Медсестра заговорила со мной, когда я бросил окурок в ведро и встал с кресла, собираясь вернуться к Эмме.
– Дерьмовая ночка, а?
В голосе женщины слышались какие-то странные нотки, то ли металлические, то ли деревянные, будто железной пилой распиливали доски. Но он заставил меня подойти к ней на несколько шагов. Голос показался мне знакомым, хотя раньше я никогда ее не встречал.
– Да, дерьмовая, – согласился я. – Но не думаю, что здесь бывают хорошие ночи.
Женщина повернулась ко мне и облокотилась на перила. В темноте я не мог разглядеть ее лица – видел лишь сигарету во рту и черный силуэт на фоне огней Турина.
– Когда как. Бывают и хорошие. – Откуда-то с нижних этажей донесся душераздирающий стон, в котором было что-то звериное. Я вздрогнул, женщина посмотрела на меня. – Эта не из хороших, – пожала она плечами.
– Ну, я пойду вниз. К своей девушке. Спокойной ночи.
Убрав локти с перил, женщина подошла ко мне на пару метров. Она казалась призраком, парящим в нескольких сантиметрах над землей. Наконец я смог разглядеть ее лицо. Оно было уродливым. Почти до отвращения. Разные, криво посаженные, очень темные глаза, длинный, сморщенный, как увядшее растение, нос, тонкие лиловые губы.
И только тут я понял, что она невероятно высокая. Неестественно высокая. Ее голова в копне светлых волос возвышалась над моей. Незнакомка бросила сигарету на просмоленный пол, пнула ее под старый удлинитель и закурила еще одну.
– Что с твоей девушкой? Я буду на ты, если ты не против, – определить возраст женщины было невозможно.
Я махнул рукой, мол, хорошо, как хотите, на ты, так на ты. Проглотил слюну и уставился на размыто-серый город под ногами. Черно-белый снимок плохого фотографа.

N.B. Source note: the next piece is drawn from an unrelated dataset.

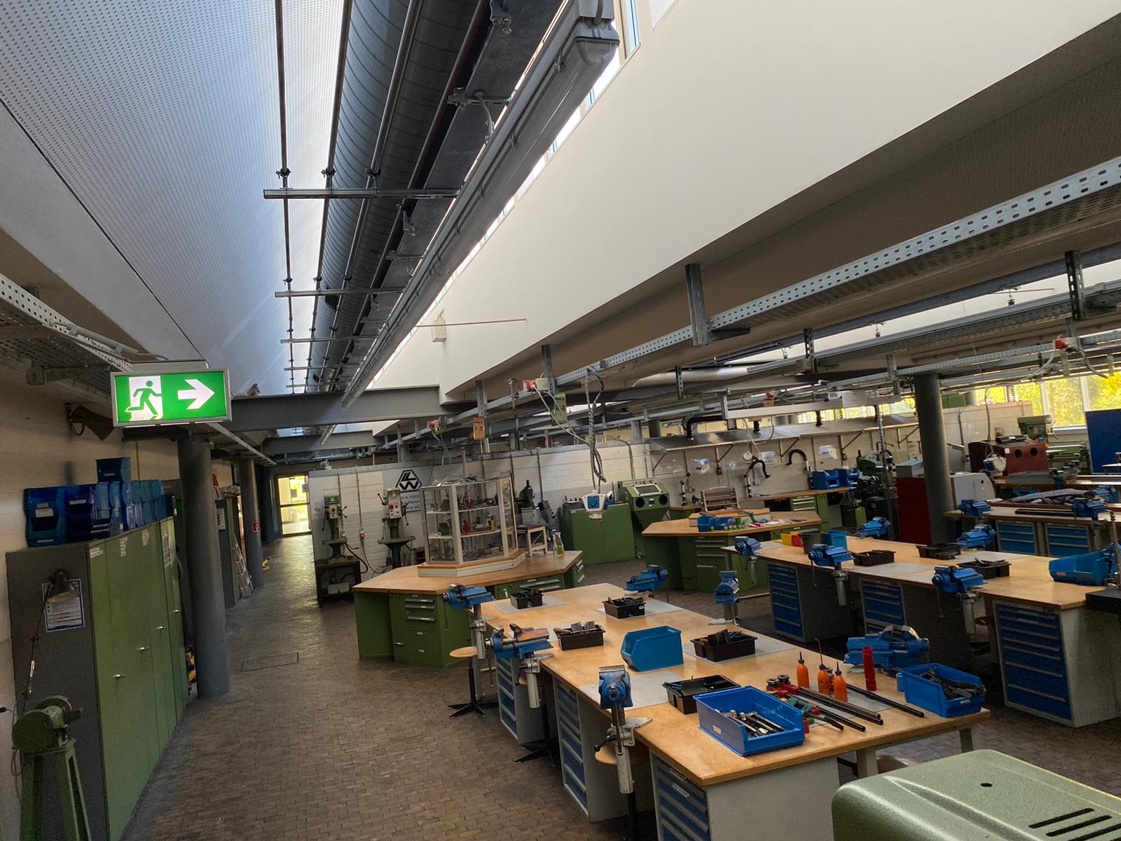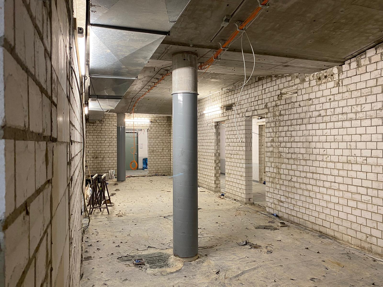 Zeitgleich erneuert die Firma Käuffer & Co. die Lüftungsanlage einschließlich der Luftheizung, neben der Warmwasserheizung die zweite Säule der Wärmeversorgung speziell für die großen Werkstatträume, die Aula und die Mensa. Die moderne Anlage saugt Außenluft an, filtert, erwärmt und führt sie in die zu beheizenden Räume. Dort saugt sie die verbrauchte Luft wieder ab und „recycelt“ sie, indem ihre Restwärme in diesem Kreislauf die aufgenommene Außenluft vorwärmt. „Technik wird tendenziell immer kleiner, nur Warmluftanlagen werden größer, weil sie dann energieeffizienter betrieben werden können“, erläutert Oliver Aßelmeyer. Deshalb müssen auch die Betonpodeste der alten Luftheizer im Untergeschoss herausgerissen und durch größere ersetzt werden.

– Опухоль… Неоперабельная, – пробормотал я. Учитывая в каком мы отделении, решил, что говорить, где она находится, нет смысла. Несколько секунд думал об этом, как о чем-то очень важном. Хотя может, так и было. – Опухоль все росла и росла, потом развился отек, и ей стало плохо, и…
Я не договорил. Медсестра подошла еще ближе. Да, она была слишком высокой, слишком худой, слишком призрачной и в то же время бесцеремонной.
– Твоя девушка умирает? – прошипела она. Вопрос прозвучал так, словно не требовал ответа.
– Д-да, – прошептал я. – Наверное, да. Может быть, скоро. Мне пора вниз.
Вытянув руку, женщина сжала мое предплечье. Мне показалось, что в тисках ее могучей хватки локтевая и лучевая кости трутся друг о друга. Невероятная сила для такой худой руки.
– Не уходи, побудь тут еще немного. Подыши воздухом, тебе полезно.
Окинув взглядом крыши Турина, я почувствовал, что умираю. По небу, словно табун лошадей, неслись вспотевшие тучи, фиолетовая вспышка молнии вдруг осветила террасу.
Я вырвал руку и увидел, что на лице медсестры появилась кривая ухмылка, которая окончательно его изуродовала. В ней читались напряжение, разочарование и грусть. Она пожала плечами и вернулась к перилам. Наклонилась вперед и стала почти нормального роста. Я застыл на месте, уставившись на нее.
– Диего, я хочу рассказать тебе одну историю, – ее голос скрипел, как стекло, перемалываемое жерновами.
– Откуда вы знаете мое имя?
– Наверное, прочитала в карточке твоей девушки.
Облака на несколько секунд расступились, позволяя луне разбросать свои позолоченные соцветия. Я понял, что за все время, пока Эмма лежала в больнице, эту медсестру не видел ни разу.
– Давно вы здесь работаете? – вопрос прозвучал намного суровее, чем мне бы хотелось.
Женщина усмехнулась.
– Слишком давно. Всегда. Так хочешь послушать историю или нет? Твоя девушка никуда не денется. И не умрет, пока ты здесь. Так очень редко бывает.
Я нерешительно подошел к перилам и закурил. Тучи соединились друг с другом, как края рваных ран. Я смотрел на молнии, которые мелькали все ближе.
– Ладно, рассказывайте.
Медсестра стояла в паре метров справа от меня. Наклонила голову набок, с какой-то скользкой ужимкой, не знаю, как это еще назвать, и заговорила.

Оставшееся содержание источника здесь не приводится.